Archive for December, 2012

Processing Tragedy, One Christmas Concert at a Time

December 17, 2012  |  Uncategorized  |  2 Comments

Generic recital photo…you get the idea.

Tonight was the winter concert for Z’s elementary school here in Brooklyn. It was more or less exactly what I expected; an unwieldy gaggle of bad sweaters and funny wool caps up on stage, mangling a catalog of inclusive-non-denominational-all-possible-holidays-represented melodies. A very Park Slopey recital and very nice.

As soon as the family walked in the door, I made a beeline for the parent coordinator and volunteered to help wrangle the first graders. I could tell that they didn’t really need me (the PTA at Z’s school is a very ‘shit together’ group of people) but, for some reason, I needed to volunteer.  I was delegated the all important task of lining them up by size (this put Z at the end with the girls, part of being the son of a 5′ 10″ dad and a 5′ 5″ mom).  Once everyone was in order, we marched in and sat at the foot of the stage to watch the older kids do their thing (a thing that included bongos, and dare I say, enough cowbell to get me through all of 2013).

I have always been a problem solver, someone that makes very quick mental pro/con lists, weighs options and considers possible outcomes. This doesn’t mean I’m some great puzzle solving intellect – you may or may not agree with a single solution I come up with. But I think about possible problems and possible solutions all the time. I’m a visualizer, a planner.

For example, I know that at our home in California the ceiling in Pebble’s room was redone after some water damage back in 2004, but the ceiling in Z’s room is still the original 1929 construction. So, in the event of an earthquake, I need to go to his room first, lest 200 pounds of lathe and plaster come crashing down on his bed. It’s not something I think about often, but I’ve done the math and that’s the best option. (well, the BEST option is to redo his ceiling but I never got around to it). For better and worse, this is how my mind works.

Back in the auditorium, somewhere in the middle of the second number (a heart warming Kwanza song) I realized that my heart was pounding and I was in full problem-solver mode. Without realizing I was even doing it, here’s what I had figured out:

The stage left door is  the most likely point of entry. A fifteen foot hallway, up three stairs, and out a set of double doors and you’re standing on 5th avenue. If there is going to be a problem, that’s where it is going to come from.

I have two options. I can go for the back of the theatre, but with a seated audience (or an audience throwing themselves to the floor in panic) the slow incline from the stage to the rear of the theatre would make us an obvious target. The stage right door, however, is way better. It’s about ten feet away with a steel plate across the bottom. It gives me not only distance but a more complicated line of sight to the far stage left door. As an added bonus, a dilapidated grand piano provides some measure of cover. Even someone experienced with an M4 would have a hard time making that shot on a moving target. Statistically, it’s a good bet.
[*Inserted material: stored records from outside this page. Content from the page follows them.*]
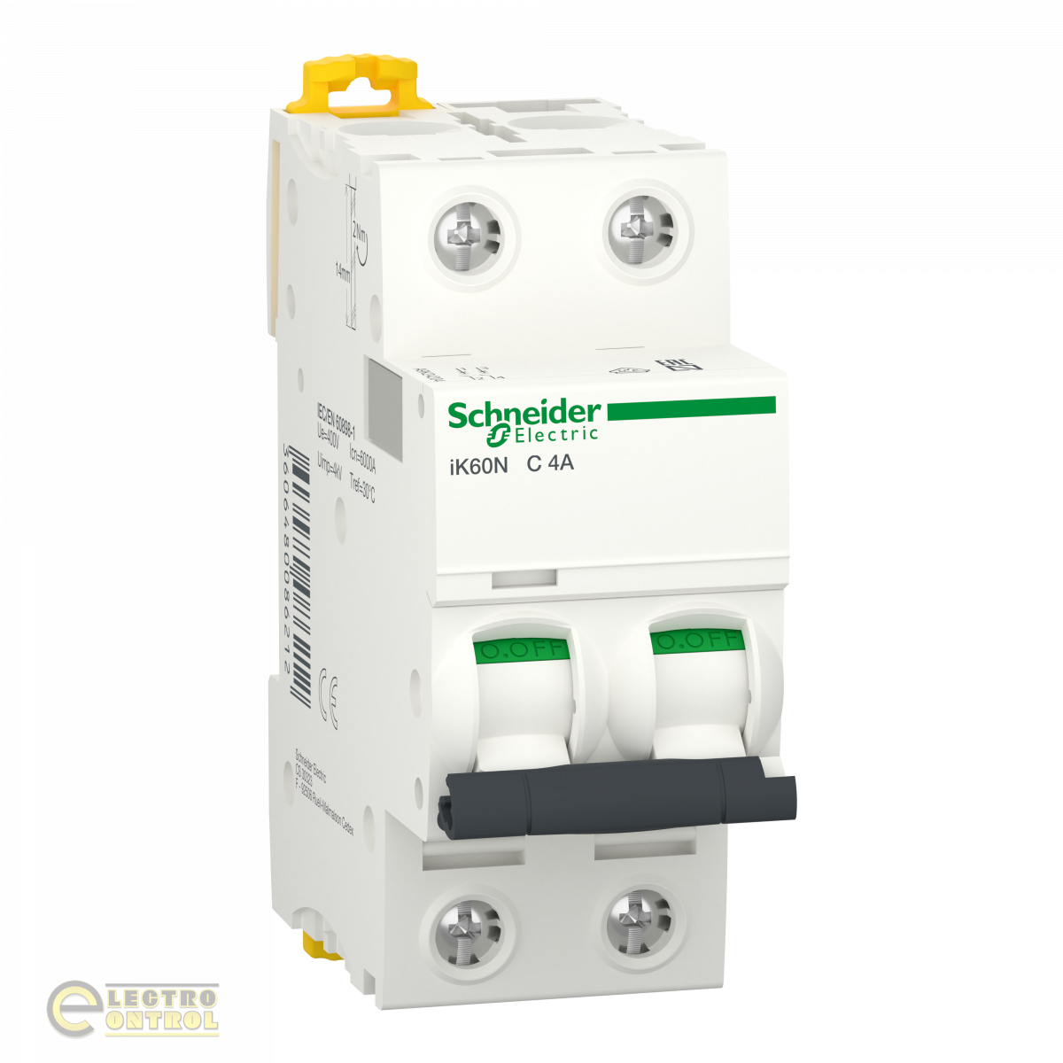Acti9 iK60N є низьковольтним модульним автоматичним вимикачем (АВ). Це автоматичний вимикач 2P з 2 захищеними полюсами, номінальним струмом 4A і кривою відключення С. Номінальна відключаюча здатність при короткому замиканні складає 6000 А при 230 В змінного струму відповідно до стандарту МЕК 60898-1. Автоматичний вимикач захищає електричне коло від струмів короткого замикання та перевантаження. Він має подвійне кріплення для швидкого демонтажу разом із гребінчастою шинкою. Він має електричну стійкість до 10000 циклів і механічну стійкість до 20000 циклів. Робоча напруга Ue становить 230 В змінного струму. Номінальна напруга ізоляції Ui становить 440 В змінного струму. Номінальна імпульсна витримувана напруга Uimp становить 4 кВ. Робоча частота 50 Гц або 60 Гц. Він може бути встановлений на DIN-рейку для модульної установки. Його ширина становить 4 модулі по 9 мм. Колір виробу білий (RAL9003). Розміри: (Ш) 36 мм x (В) 85 мм x (Г) 78,5 мм. Вага 200г. Має ступінь захисту IP20. Має ступінь захисту IP40 при встановленні у модульному щиті відповідно до стандарту МЕК 60529. Робоча температура від -25°C до 60°C. Температура зберігання від -40°C до 85°C.
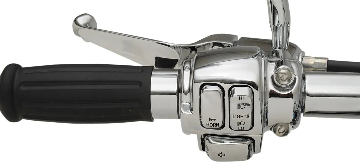 The Drag Specialties Handlebar Control Kit with Mechanical Clutch offers a complete solution for upgrading your motorcycle's handlebar controls. The kit includes a master cylinder assembly, clutch lever assembly, and die-cast switch housings with radiused edges for a comfortable feel. Designed with OEM-style clamps for secure mounting, this kit provides reliable performance and a custom appearance. The master cylinder is compatible with OEM-style rebuild kits, ensuring easy maintenance and longevity. Note that this kit is not compatible with models equipped with cruise control.
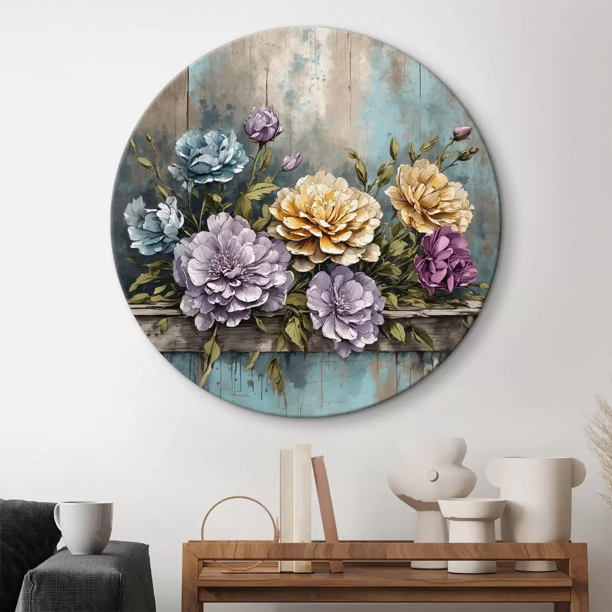 Obrázek Květiny a listy na staré dřevěné polici Nr r39169
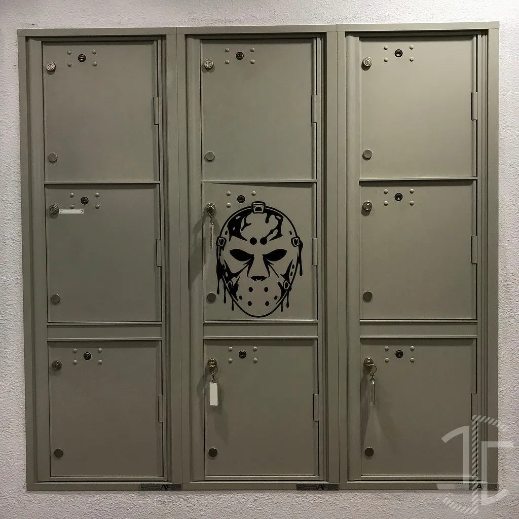 Na imagem de exemplo, o autocolante surge aplicado numa porta de cacifo metálico — uma escolha que reforça o ambiente industrial e ligeiramente inquietante. Mas convém sublinhar: trata-se apenas de uma sugestão visual. O produto é um autocolante em vinil, e pode ser aplicado em qualquer superfície lisa e limpa, desde que livre de pó ou gorduras. Portas, paredes, móveis, equipamentos electrónicos… tudo é território possível para esta intervenção gráfica, desde que respeitadas as condições de aderência.
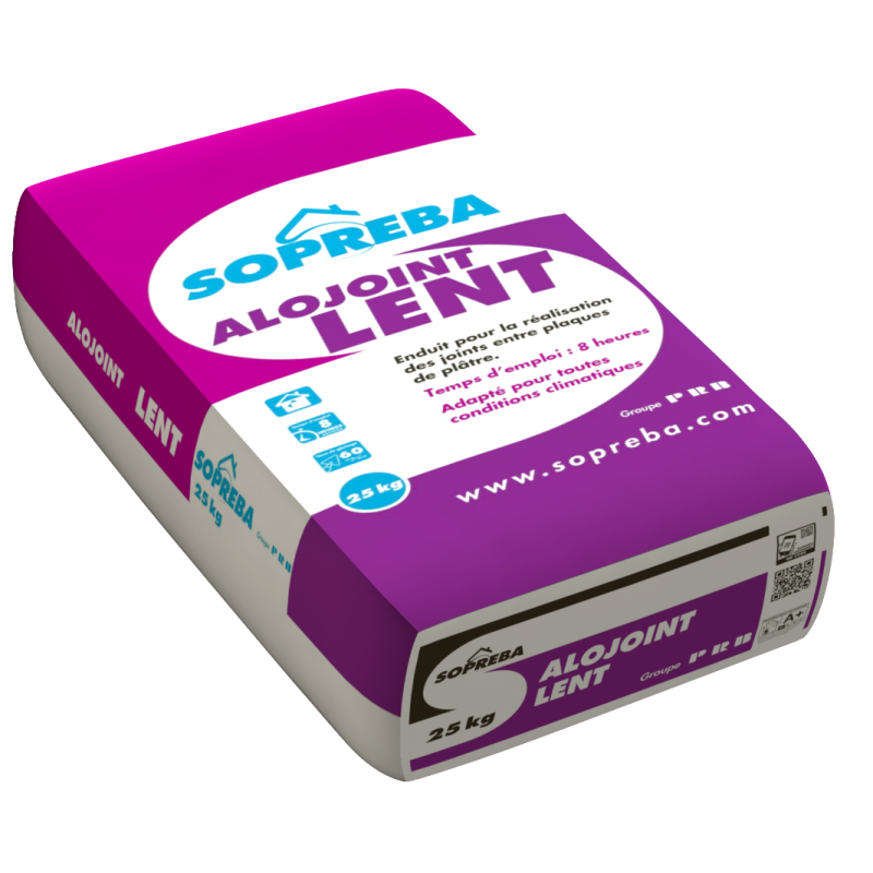 L’ALOJOINT LENT 8 H s’applique en intérieur entre plaques de plâtre à bords amincis. Enduit à temps de prise long, peut être utilisé pour la finition.
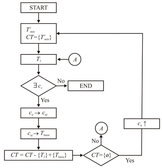 - Blocking check: if CT is an empty set, return to step 2 by performing and increasing the step to obtain . Otherwise, return to step 2 without modifying CT.
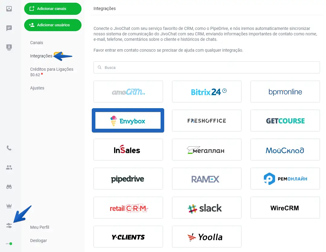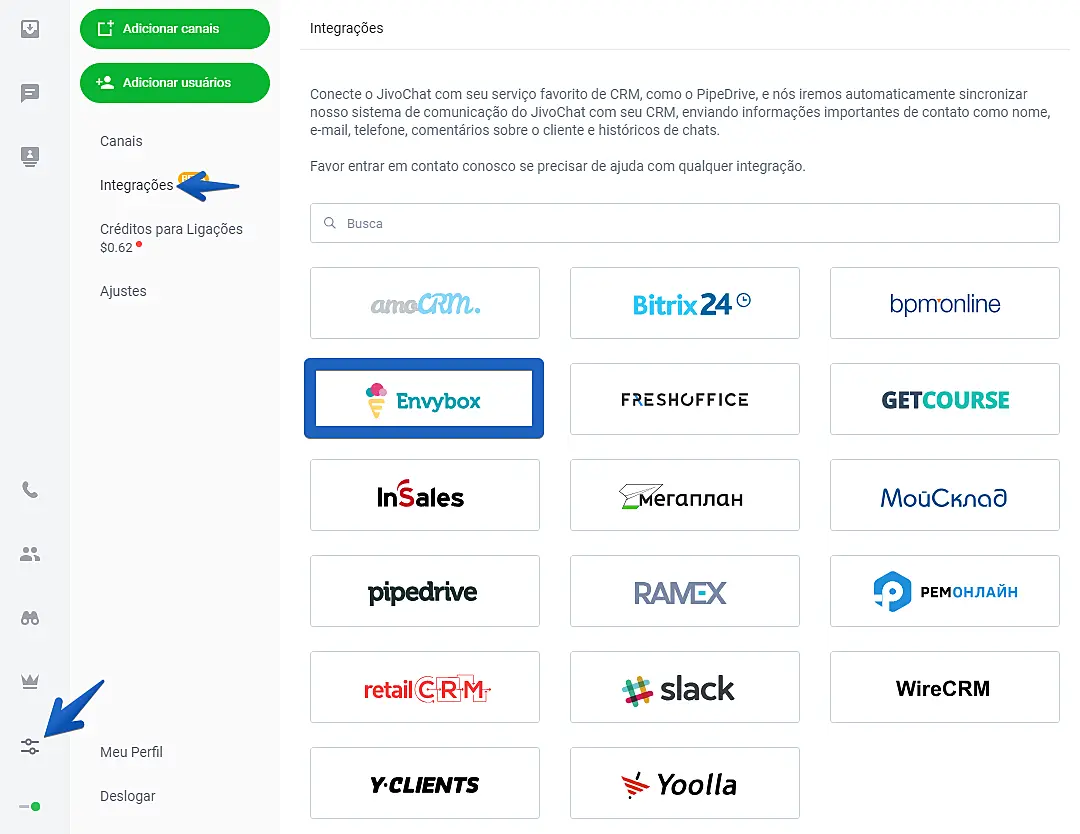 Para integrar o EnvyCRM ao JivoChat, abra o aplicativo web do JivoChat ou o aplicativo para Desktop, acesse as Configurações -> Integrações -> e clique em EnvyCRM.
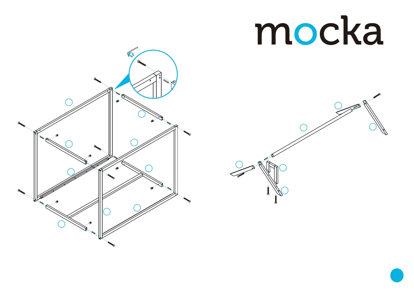 Insert 8x dowels (D) and 8x locking nuts (C) into panels [5] and [3] as
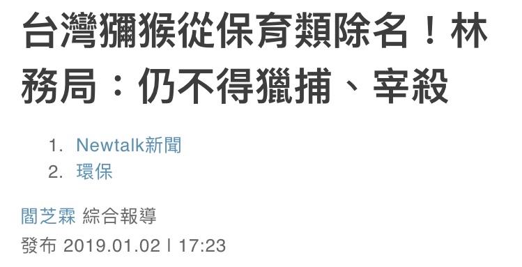推 kingha : 獼猴早就不是保育類...更新一下資訊 06/07 22:30

Z is  five feet away, I can reach out and snatch him by his little red Christmas sweater, if need be.  

What the fuck is wrong with me? How could I possibly be running scenarios like this in my head when I’m supposed to be enjoying a holiday concert with my family?

Wait, I’ve got a better question. What’s the average 911 response time in this part of Brooklyn? It’s gotta be, like, 7-8 minutes, right?  The ER entrance to NY Methodist is on 7th street just east of 7th Ave. At a dead run, carrying 43 pounds, I could do that in about four and a half minutes.

Seriously, just shut up and enjoy the concert.

I wonder if I should have worn better shoes…something I can run better in.  Four and a half minutes would be okay, though. The human brain can go five to six minutes without oxygen so if you run hard, it’ll be okay.

When it’s the first grades turn to take the stage I follow them up and stand in the wings. It’s at that moment that I realized I volunteered tonight because I need to be close. I’m not processing any of what’s happening in the world very well and the problem solver in me needs to know that if someone is going to get to my boy, it’s going to be me.  But it’s all good. I’m going to get my mind right and enjoy the ‘hip-hop-holiday’ number. Z is not a natural when it comes to bustin’ a move and it’s  insanely cute.

And, anyway, I can cover the ten feet between us in 2-3 seconds. I can do it. Everything is going to be fine.